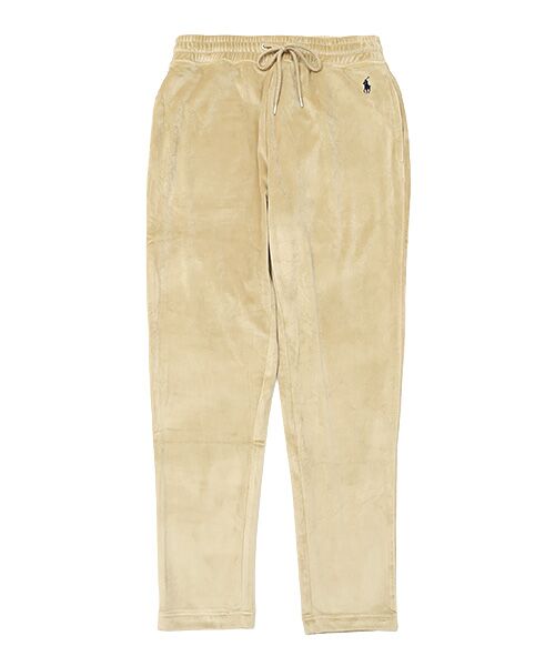 環境に配慮されたリサイクルポリエステルとポリウレタンの混紡による、上質な裏起毛ベロア素材を使用したスリムパンツです。なめらかで光沢のある素材感と、柔らかな肌触りが特長。保温性とストレッチ性にも優れています。ウエスト左部分に入れたブランドアイコンのポロプレイヤー刺繍もポイントの、幅広いシーンで活用できる定番アイテムです。2025FHシーズンは新色として、ベージュ、チャコール、ネイビーベースのカモフラージュ柄(プリント)を追加しました。
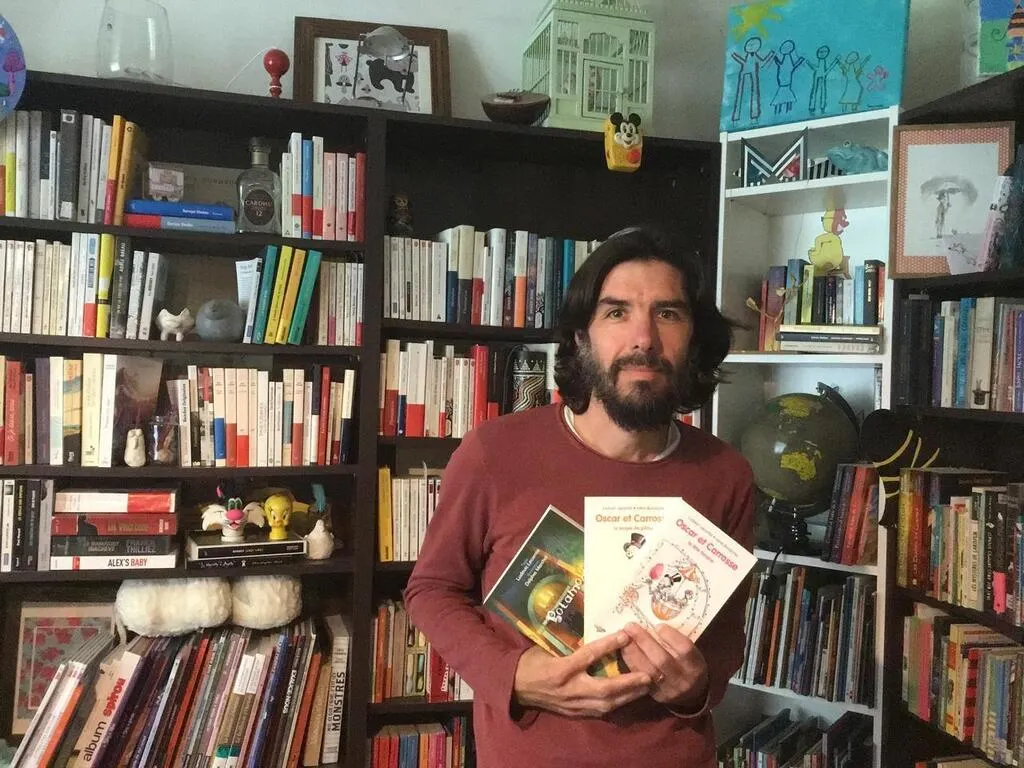 J’étais en charge d’une classe de CM1-CM2 avec des élèves pour qui la lecture était compliquée. Pour certains d’entre eux, les critères de choix d’un livre étaient sa taille, son épaisseur, sa taille d’écriture à l’intérieur et non pas de quoi ça parle. Alors, j’ai eu envie de produire un livre totalement différent sur le fond et sur la forme, de proposer du drôle afin que les enfants puissent le lire avec facilité. Depuis, je ne me suis plus arrêté.
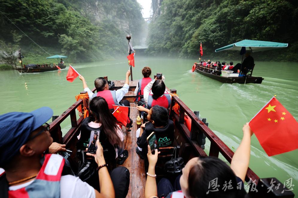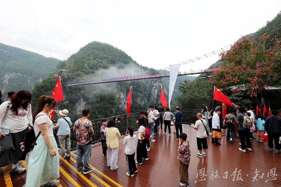 峽谷間,溪流潺潺,奇峰競秀,游客們或駐足凝望,或舉機(jī)留影,將大自然的鬼斧神工珍藏于鏡頭之中。孩子們在親水步道上歡笑嬉戲,大人們在觀景平臺上悠然小憩,處處洋溢著節(jié)日的歡愉。
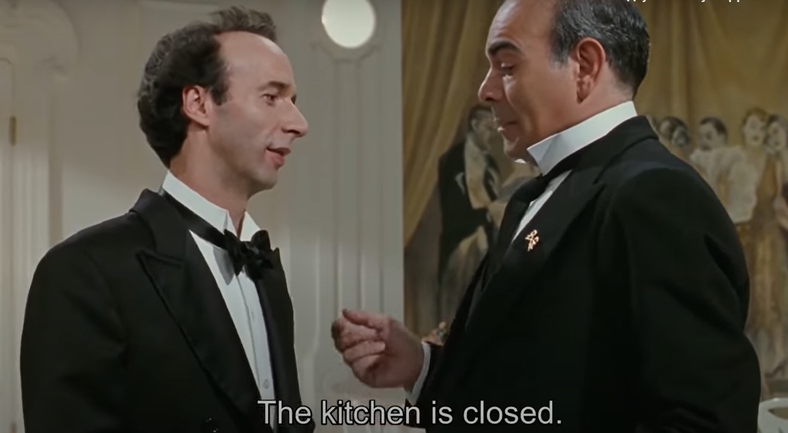 Ta scena se inače izučava kao primer savršene prodaje. Doduše gorka istina, koju ja ne razumem je da je alternativa toj porciji ribe koja je već naručena gladan stomak i krčanje creva.
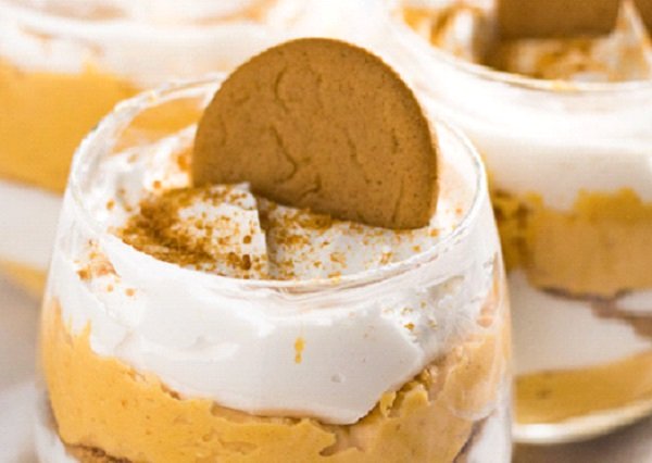 3. نضع في زبادي البارفيه أول طبقة وهي البسكويت الذي قمنا بسحقه ثم طبقة من مزيج القرع ثم القليل من الكريمة . نكرر العملية لعمل طبقات مماثلة من البسكويت ومزيج القرع والكريمة ونزين أخيراً بقطعة بسكويت .
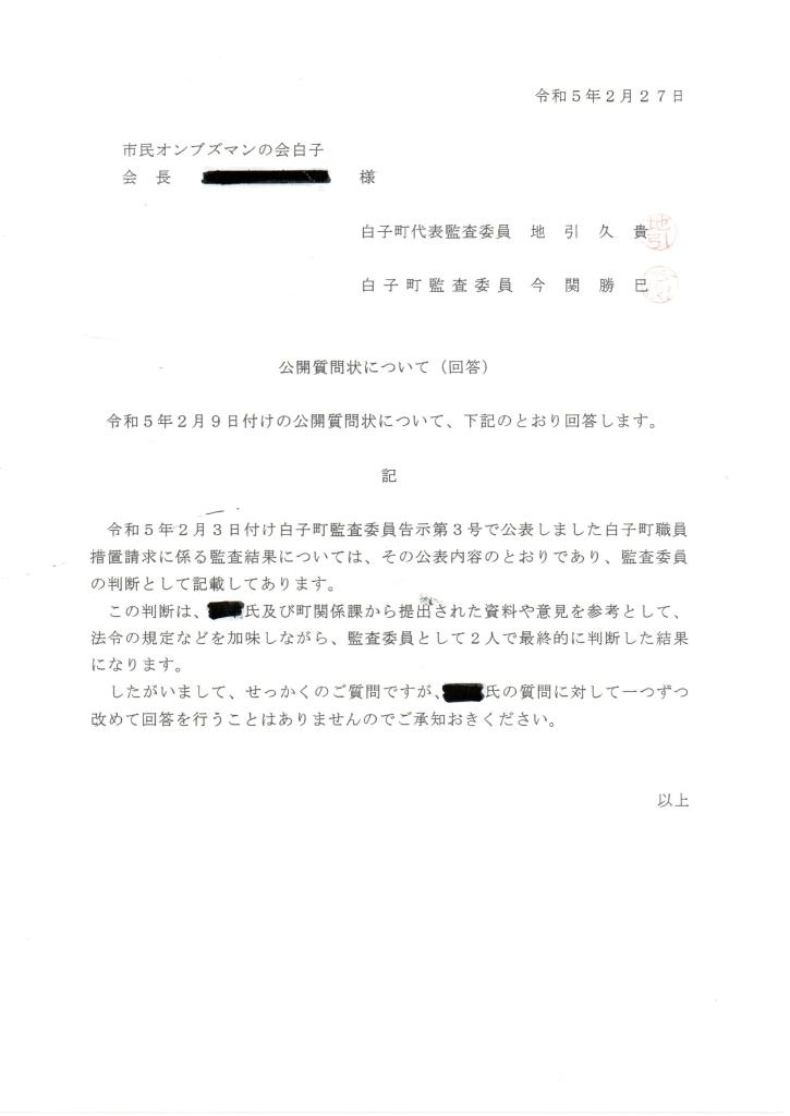 【経緯】既報、<140>【白子町教育委員会に関する住民監査結果】〔地引久貴、今関勝巳監査委員に対する公開質問状〕※2023 年 2月 9日(木)に関して、本日、回答を得ました。公開質問状を発信してから、実働 11日目の回答は下記の通りです。
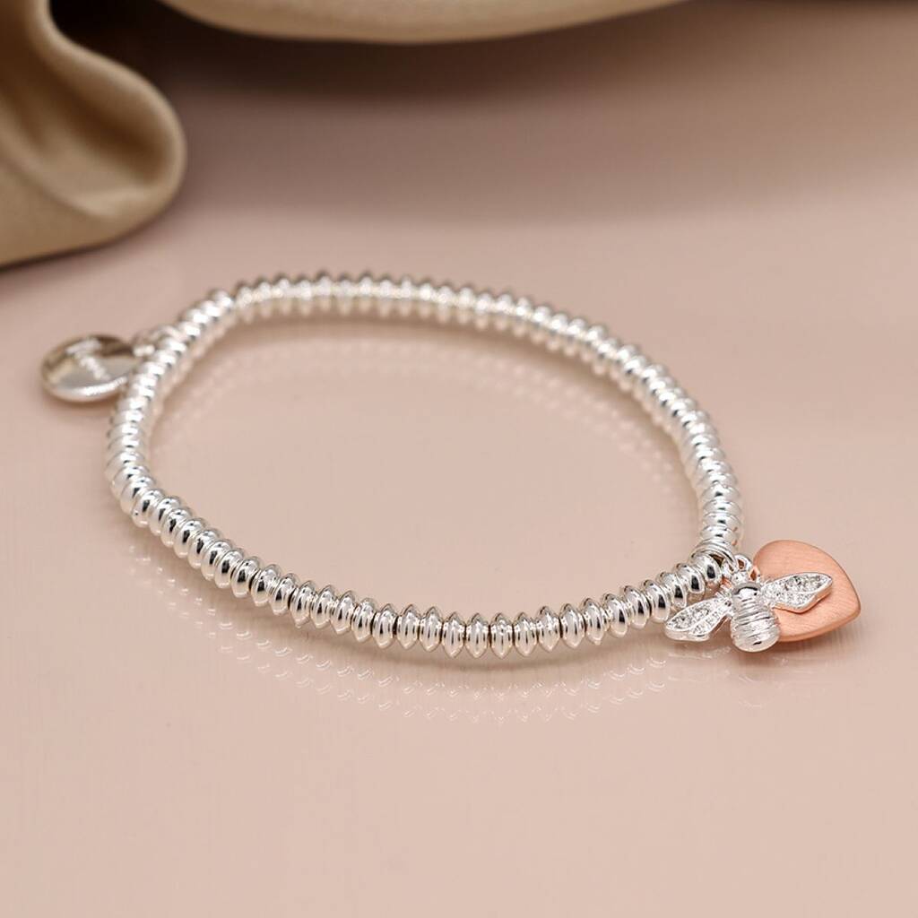 Silver Plate Bead Bracelet With Rose Gold Heart And Bee
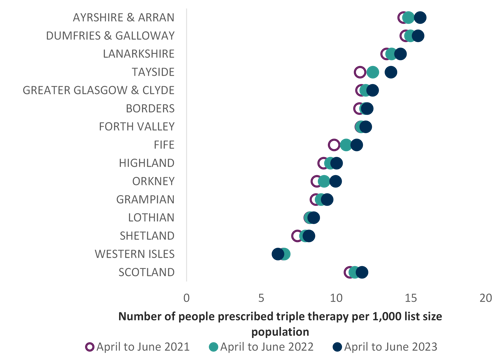 The chart below illustrates the use of triple therapy prescribing, as either separate inhalers or as a single triple inhaler, showing wide variation between NHS Boards, ranging from 15.63 in Ayrshire & Arran to 6.13 in the Western Isles. This may vary with prevalence of COPD within board regions.
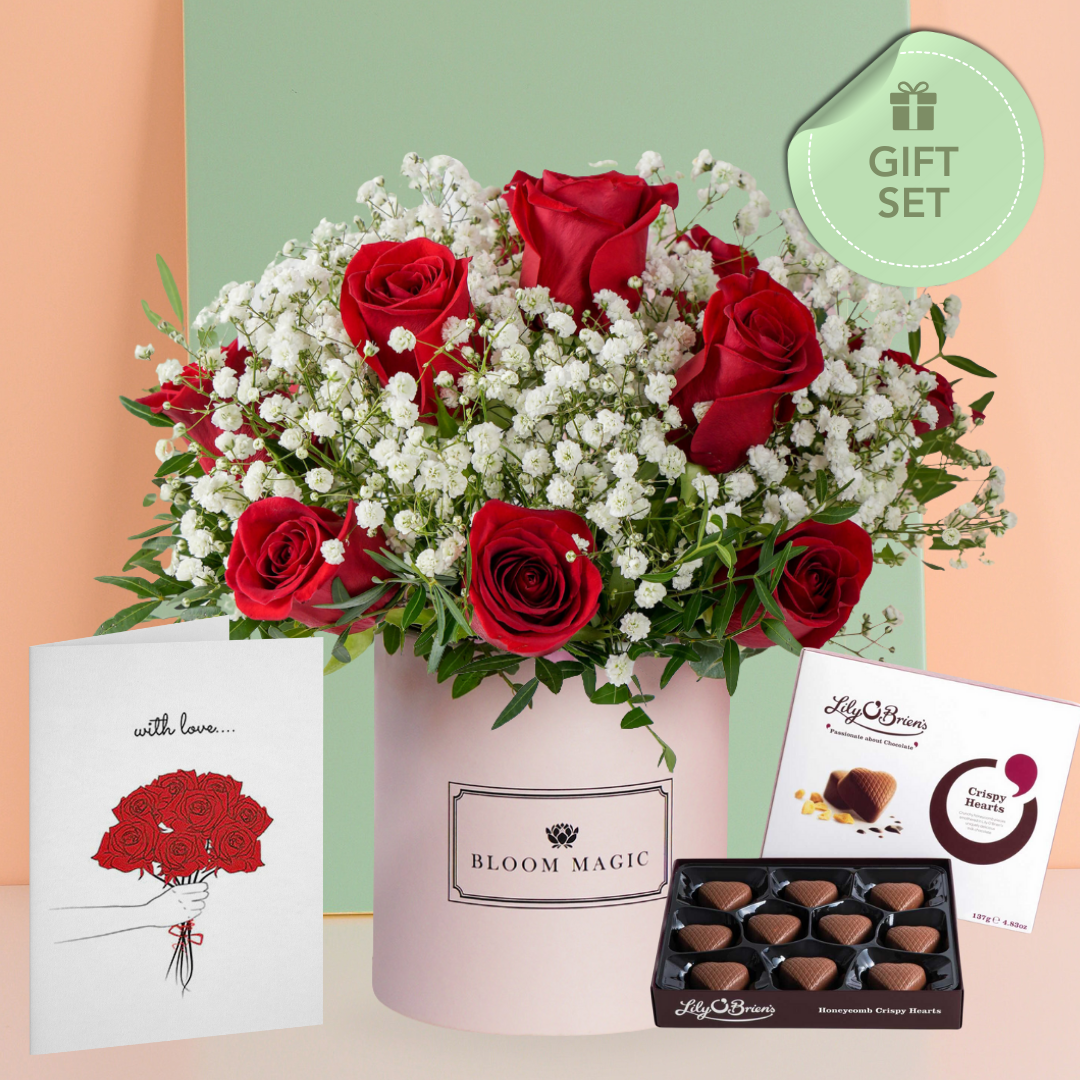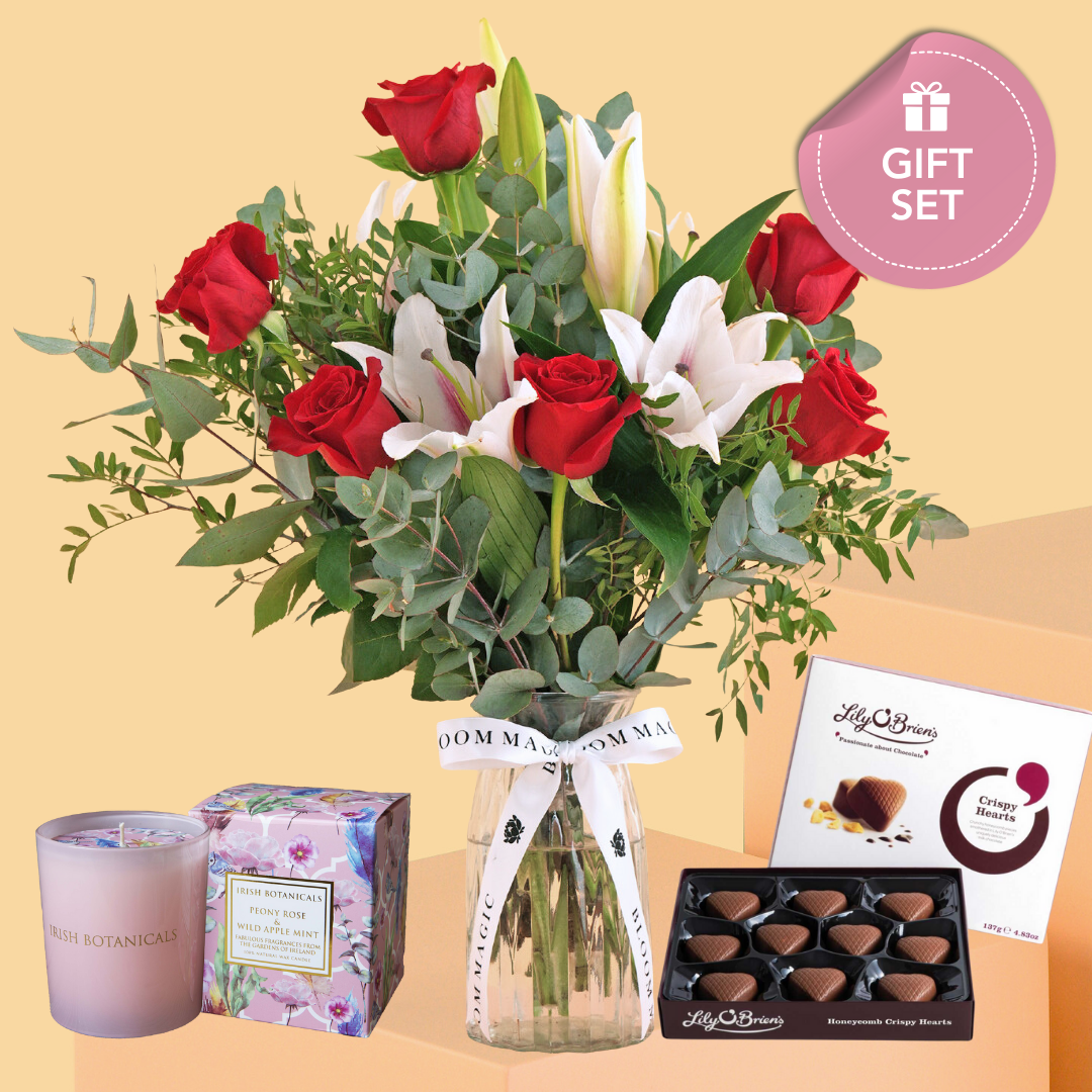 Thoughtfully curated extras like love cards, candles, and chocolates

REQUIREMENT –
Word for word, give the entries above again, with no images included.

ANSWER BOX –
 環境に配慮されたリサイクルポリエステルとポリウレタンの混紡による、上質な裏起毛ベロア素材を使用したスリムパンツです。なめらかで光沢のある素材感と、柔らかな肌触りが特長。保温性とストレッチ性にも優れています。ウエスト左部分に入れたブランドアイコンのポロプレイヤー刺繍もポイントの、幅広いシーンで活用できる定番アイテムです。2025FHシーズンは新色として、ベージュ、チャコール、ネイビーベースのカモフラージュ柄(プリント)を追加しました。
 J’étais en charge d’une classe de CM1-CM2 avec des élèves pour qui la lecture était compliquée. Pour certains d’entre eux, les critères de choix d’un livre étaient sa taille, son épaisseur, sa taille d’écriture à l’intérieur et non pas de quoi ça parle. Alors, j’ai eu envie de produire un livre totalement différent sur le fond et sur la forme, de proposer du drôle afin que les enfants puissent le lire avec facilité. Depuis, je ne me suis plus arrêté.
 峽谷間,溪流潺潺,奇峰競秀,游客們或駐足凝望,或舉機(jī)留影,將大自然的鬼斧神工珍藏于鏡頭之中。孩子們在親水步道上歡笑嬉戲,大人們在觀景平臺上悠然小憩,處處洋溢著節(jié)日的歡愉。
 Ta scena se inače izučava kao primer savršene prodaje. Doduše gorka istina, koju ja ne razumem je da je alternativa toj porciji ribe koja je već naručena gladan stomak i krčanje creva.
 3. نضع في زبادي البارفيه أول طبقة وهي البسكويت الذي قمنا بسحقه ثم طبقة من مزيج القرع ثم القليل من الكريمة . نكرر العملية لعمل طبقات مماثلة من البسكويت ومزيج القرع والكريمة ونزين أخيراً بقطعة بسكويت .
 【経緯】既報、<140>【白子町教育委員会に関する住民監査結果】〔地引久貴、今関勝巳監査委員に対する公開質問状〕※2023 年 2月 9日(木)に関して、本日、回答を得ました。公開質問状を発信してから、実働 11日目の回答は下記の通りです。
 Silver Plate Bead Bracelet With Rose Gold Heart And Bee
 The chart below illustrates the use of triple therapy prescribing, as either separate inhalers or as a single triple inhaler, showing wide variation between NHS Boards, ranging from 15.63 in Ayrshire & Arran to 6.13 in the Western Isles. This may vary with prevalence of COPD within board regions.
 Thoughtfully curated extras like love cards, candles, and chocolates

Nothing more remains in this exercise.